Wilder's hilarious tale of cross-dressing hide and seek musicians
was rated in 2000 by the American Film Institute as the funniest movie ever made.
Wilder's final film, 1981.
By 1960, censorship in Hollywood was on the wane. By 1968 the Motion Picture Producers of America (MPPA) had introduced the forerunner of our current movie rating system. Had it been in effect in 1960, The Apartment and Wilder's Some Like It Hot (above) from the previous year, would likely have received "R" ratings. Despite the fact that by the 1960s Wilder had pretty much switched over to writing and directing comedies such as Irma la Douce, Kiss Me Stupid, and Fortune Cookie, given the conservative social climate of the time, all were racy enough to likely have earned such a parental warning. Billy Wilder made his last film in 1981, the "R" rated Buddy Buddy (right), starring Jack Lemmon and Walter Matthau (the original Odd Couple on Broadway).
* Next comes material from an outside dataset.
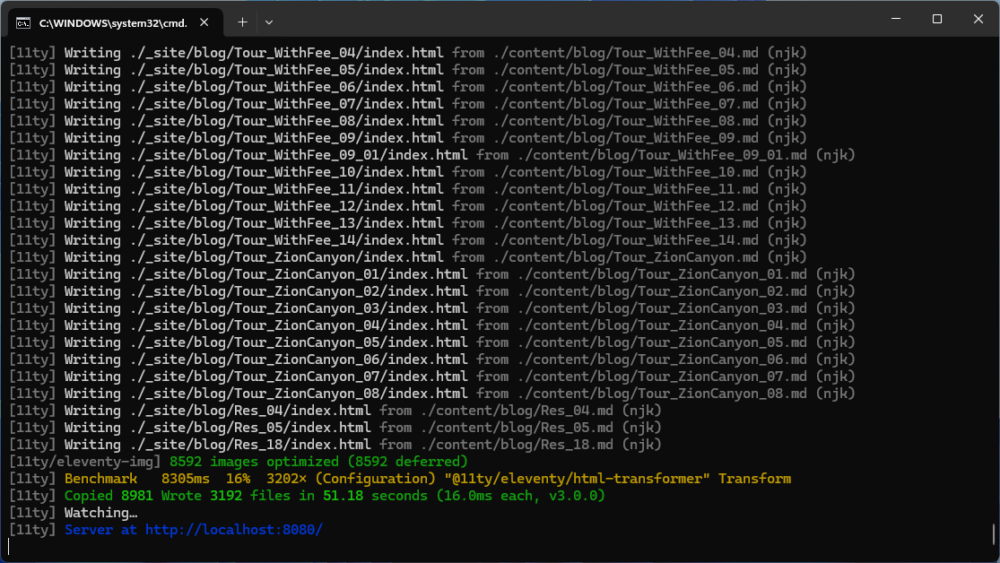 - Re-served via Node.js (CLI: npx @11ty/eleventy –serve) to get all the relevant files for upload. sitemap.xml will be used for Google indexing. Google site ownership verification html is preserved.

He was seventy-five years old at the time. In 1987, the Motion Picture Academy awarded Wilder the Irving G. Thalberg Memorial Award for creative producers whose bodies of work reflect a consistently high quality of motion picture production. Billy Wilder died in 2002 at the age of ninety-six, his death coinciding the same day with that of two other Hollywood comedy legends, Milton Berle and Dudley Moore. Wilder was laid to rest not far from three of the stars he helped make famous--Marilyn Monroe, Jack Lemmon, and Walter Matthau.

Two of the three "ladies" from Some Like it Hot.